### Work required:
Return the material exactly, first line through the line containing "随后,班主任结合历史背景展开", and nothing more. Pictures stay out.

### Material for the task:
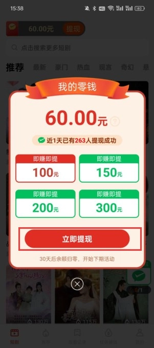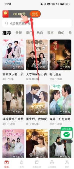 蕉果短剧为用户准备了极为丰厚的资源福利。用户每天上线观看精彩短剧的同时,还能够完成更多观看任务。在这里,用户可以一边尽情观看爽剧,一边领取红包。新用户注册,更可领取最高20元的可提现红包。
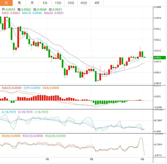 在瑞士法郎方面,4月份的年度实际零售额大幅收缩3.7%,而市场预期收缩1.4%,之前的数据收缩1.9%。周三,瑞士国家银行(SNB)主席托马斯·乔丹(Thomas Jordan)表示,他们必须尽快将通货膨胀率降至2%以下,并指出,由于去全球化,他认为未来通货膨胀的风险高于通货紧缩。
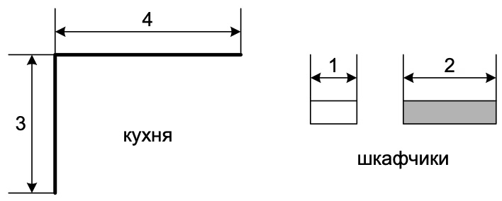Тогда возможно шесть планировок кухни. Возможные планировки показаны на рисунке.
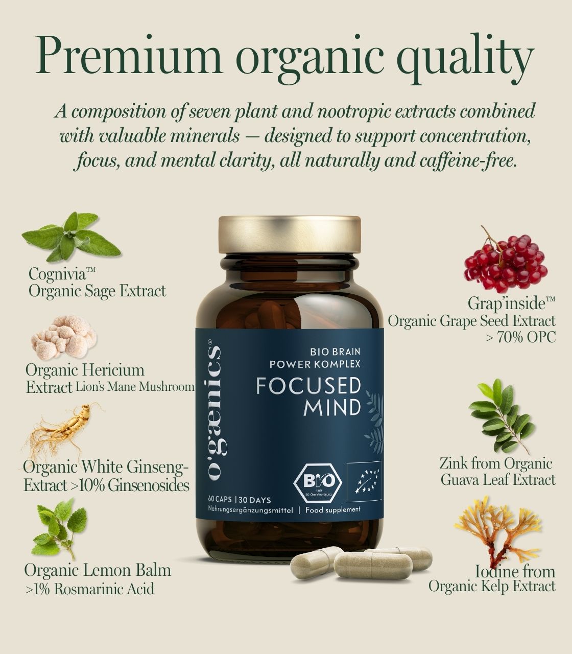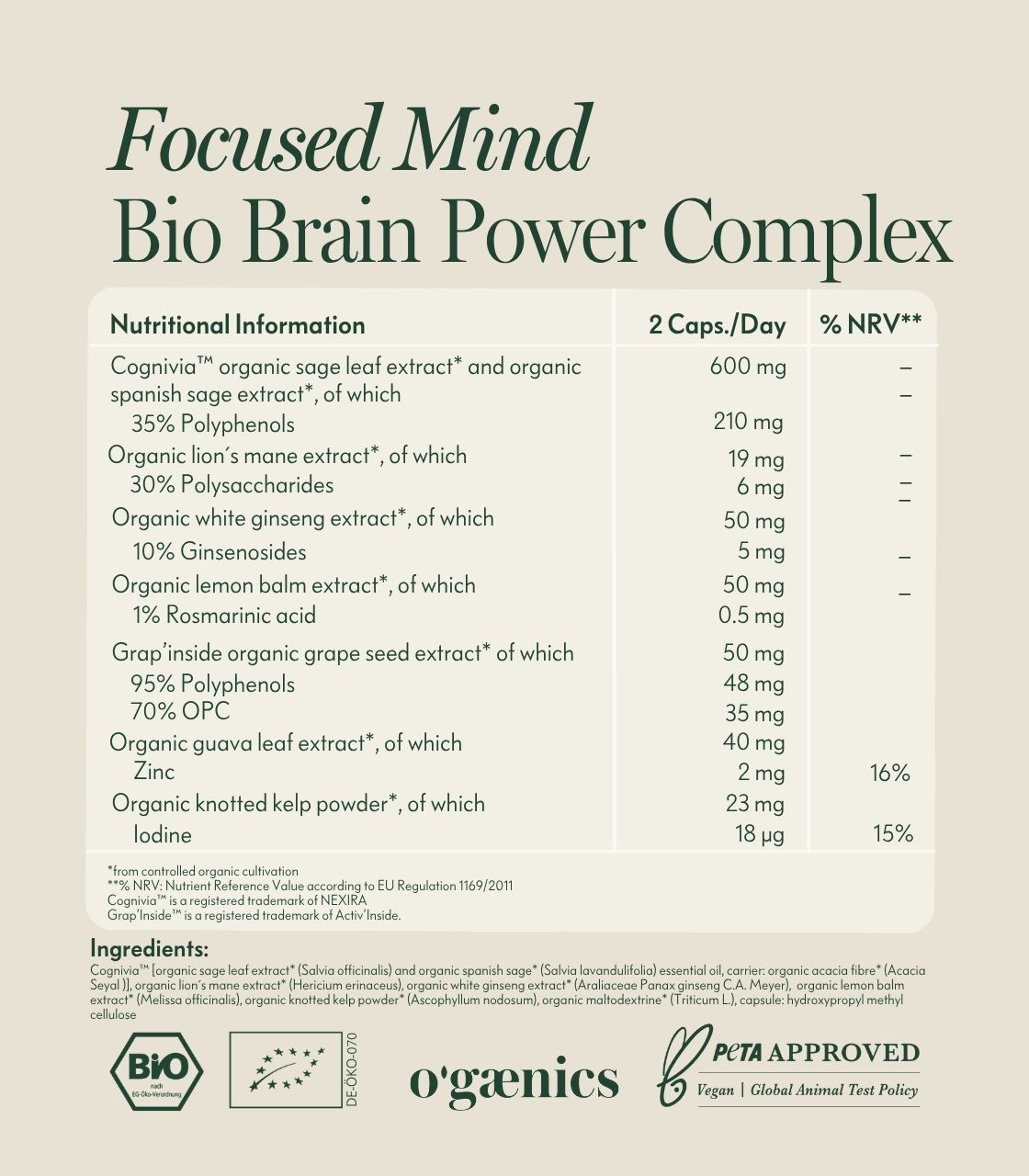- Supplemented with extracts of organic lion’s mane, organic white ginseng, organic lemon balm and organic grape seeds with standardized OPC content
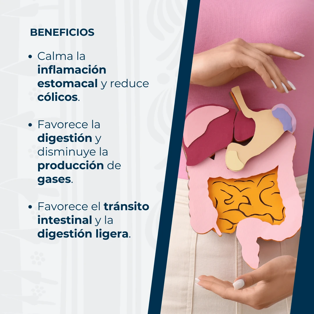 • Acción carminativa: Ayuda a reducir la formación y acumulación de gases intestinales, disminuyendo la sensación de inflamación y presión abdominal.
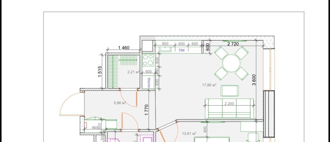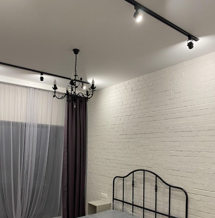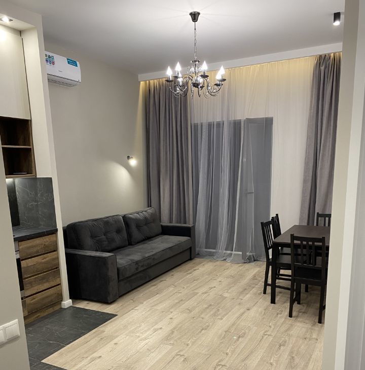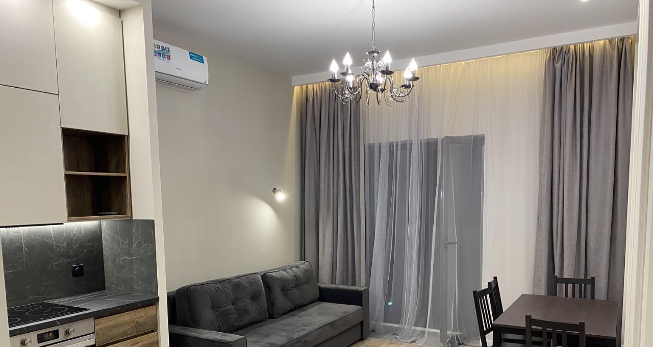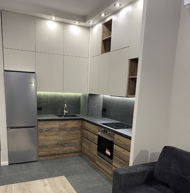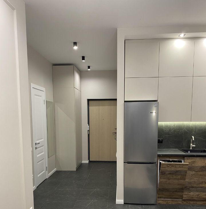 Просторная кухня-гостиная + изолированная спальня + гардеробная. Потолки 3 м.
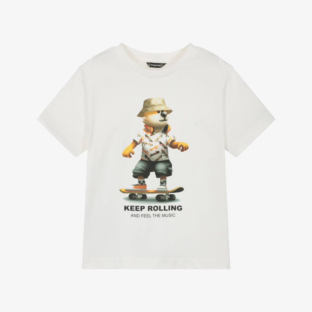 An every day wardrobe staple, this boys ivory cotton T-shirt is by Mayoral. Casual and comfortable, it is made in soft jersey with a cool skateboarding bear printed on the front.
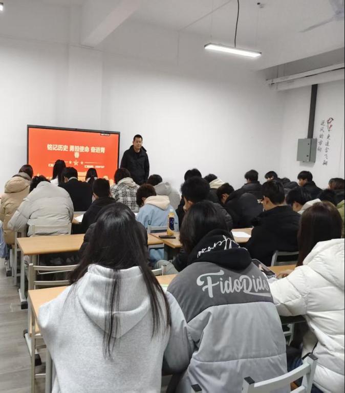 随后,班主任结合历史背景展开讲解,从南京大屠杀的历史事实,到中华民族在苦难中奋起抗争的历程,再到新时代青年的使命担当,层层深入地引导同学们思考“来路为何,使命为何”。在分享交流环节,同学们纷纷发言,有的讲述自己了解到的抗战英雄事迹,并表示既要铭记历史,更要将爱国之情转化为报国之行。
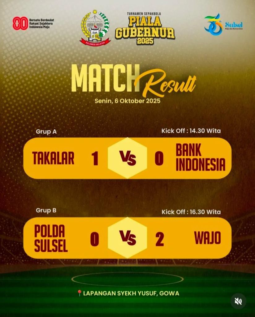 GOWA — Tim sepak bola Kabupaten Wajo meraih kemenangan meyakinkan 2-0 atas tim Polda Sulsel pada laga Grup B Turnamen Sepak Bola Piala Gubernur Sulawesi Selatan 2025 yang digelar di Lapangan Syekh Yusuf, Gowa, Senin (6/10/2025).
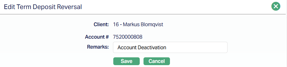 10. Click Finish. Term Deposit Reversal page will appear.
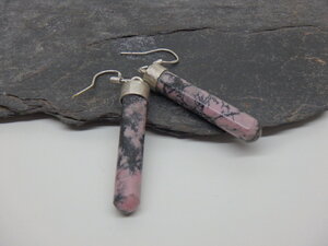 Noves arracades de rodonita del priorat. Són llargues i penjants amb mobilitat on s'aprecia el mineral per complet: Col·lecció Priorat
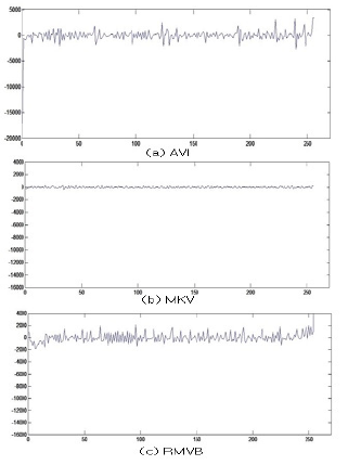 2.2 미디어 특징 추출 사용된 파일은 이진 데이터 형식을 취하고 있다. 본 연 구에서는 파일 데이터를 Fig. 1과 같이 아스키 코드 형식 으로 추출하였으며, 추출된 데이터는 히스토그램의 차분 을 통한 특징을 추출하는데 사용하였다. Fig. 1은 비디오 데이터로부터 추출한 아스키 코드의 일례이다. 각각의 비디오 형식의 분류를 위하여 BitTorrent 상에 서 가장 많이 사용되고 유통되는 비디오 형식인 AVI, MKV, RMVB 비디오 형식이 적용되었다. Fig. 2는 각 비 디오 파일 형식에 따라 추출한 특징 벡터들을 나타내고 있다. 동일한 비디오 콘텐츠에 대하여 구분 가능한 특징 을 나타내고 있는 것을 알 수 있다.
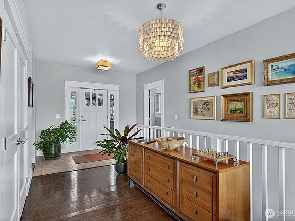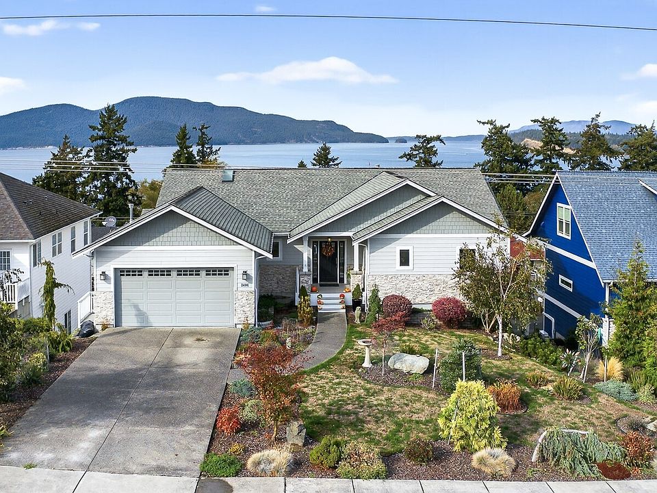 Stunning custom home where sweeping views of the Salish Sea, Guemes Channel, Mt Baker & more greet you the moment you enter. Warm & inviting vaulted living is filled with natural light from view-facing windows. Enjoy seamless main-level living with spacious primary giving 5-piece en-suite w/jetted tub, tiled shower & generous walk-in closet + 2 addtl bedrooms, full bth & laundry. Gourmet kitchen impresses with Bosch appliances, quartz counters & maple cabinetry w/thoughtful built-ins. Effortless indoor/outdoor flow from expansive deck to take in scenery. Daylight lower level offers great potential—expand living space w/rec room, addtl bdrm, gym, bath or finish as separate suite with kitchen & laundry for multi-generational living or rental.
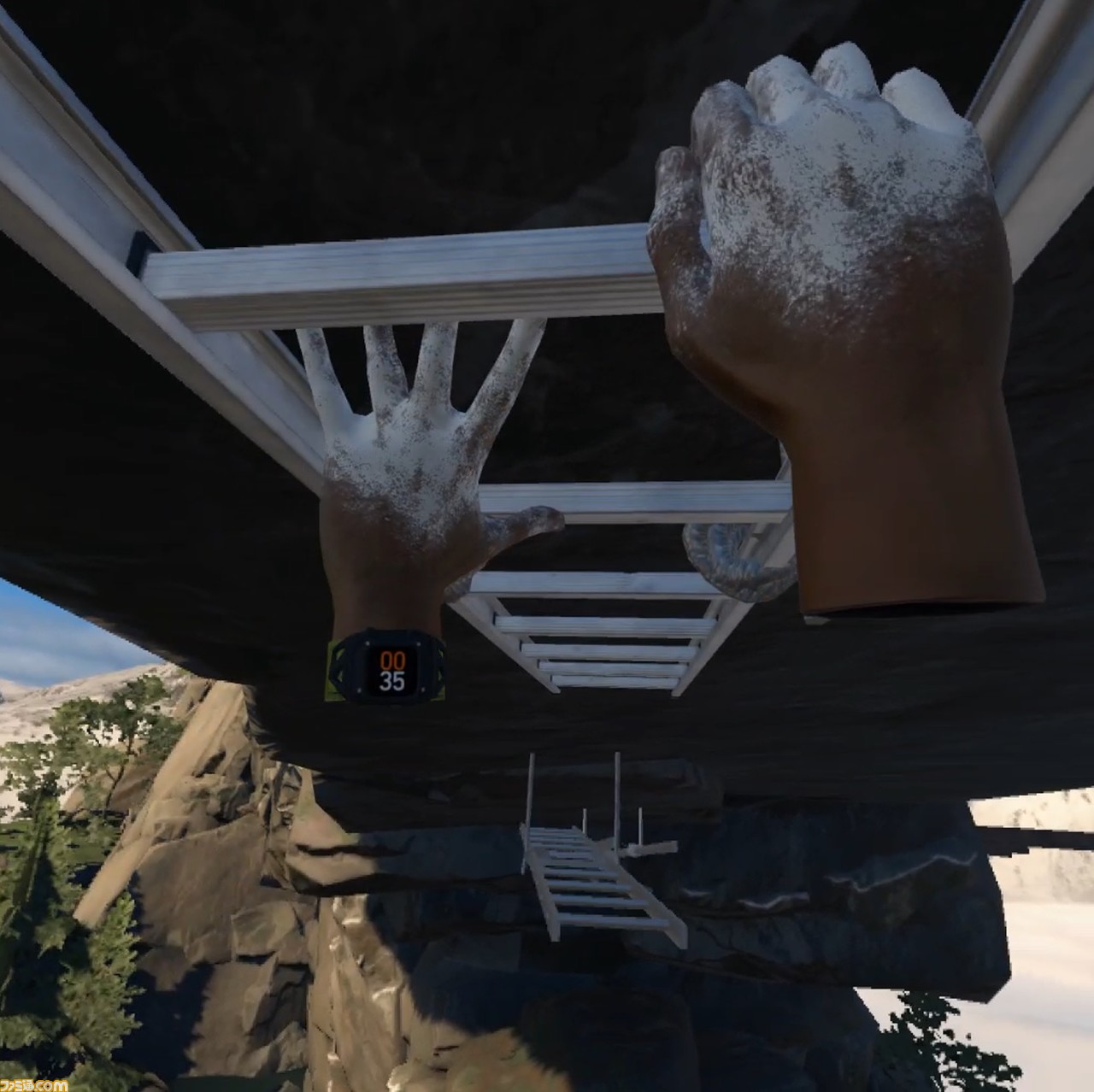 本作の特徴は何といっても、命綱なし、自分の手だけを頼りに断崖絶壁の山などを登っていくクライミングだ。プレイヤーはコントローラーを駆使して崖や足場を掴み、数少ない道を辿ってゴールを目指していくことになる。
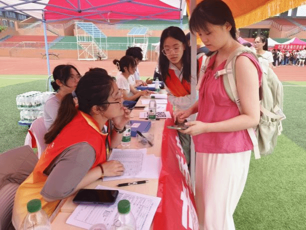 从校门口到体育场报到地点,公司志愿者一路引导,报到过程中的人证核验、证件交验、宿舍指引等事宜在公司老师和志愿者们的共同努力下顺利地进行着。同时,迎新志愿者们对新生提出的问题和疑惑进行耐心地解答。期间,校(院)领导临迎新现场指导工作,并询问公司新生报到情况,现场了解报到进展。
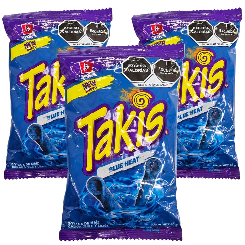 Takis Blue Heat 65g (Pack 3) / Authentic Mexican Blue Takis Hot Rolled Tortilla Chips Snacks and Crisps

### Task result:
 蕉果短剧为用户准备了极为丰厚的资源福利。用户每天上线观看精彩短剧的同时,还能够完成更多观看任务。在这里,用户可以一边尽情观看爽剧,一边领取红包。新用户注册,更可领取最高20元的可提现红包。
 在瑞士法郎方面,4月份的年度实际零售额大幅收缩3.7%,而市场预期收缩1.4%,之前的数据收缩1.9%。周三,瑞士国家银行(SNB)主席托马斯·乔丹(Thomas Jordan)表示,他们必须尽快将通货膨胀率降至2%以下,并指出,由于去全球化,他认为未来通货膨胀的风险高于通货紧缩。
Тогда возможно шесть планировок кухни. Возможные планировки показаны на рисунке.
- Supplemented with extracts of organic lion’s mane, organic white ginseng, organic lemon balm and organic grape seeds with standardized OPC content
 • Acción carminativa: Ayuda a reducir la formación y acumulación de gases intestinales, disminuyendo la sensación de inflamación y presión abdominal.
 Просторная кухня-гостиная + изолированная спальня + гардеробная. Потолки 3 м.
 An every day wardrobe staple, this boys ivory cotton T-shirt is by Mayoral. Casual and comfortable, it is made in soft jersey with a cool skateboarding bear printed on the front.
 随后,班主任结合历史背景展开讲解,从南京大屠杀的历史事实,到中华民族在苦难中奋起抗争的历程,再到新时代青年的使命担当,层层深入地引导同学们思考“来路为何,使命为何”。在分享交流环节,同学们纷纷发言,有的讲述自己了解到的抗战英雄事迹,并表示既要铭记历史,更要将爱国之情转化为报国之行。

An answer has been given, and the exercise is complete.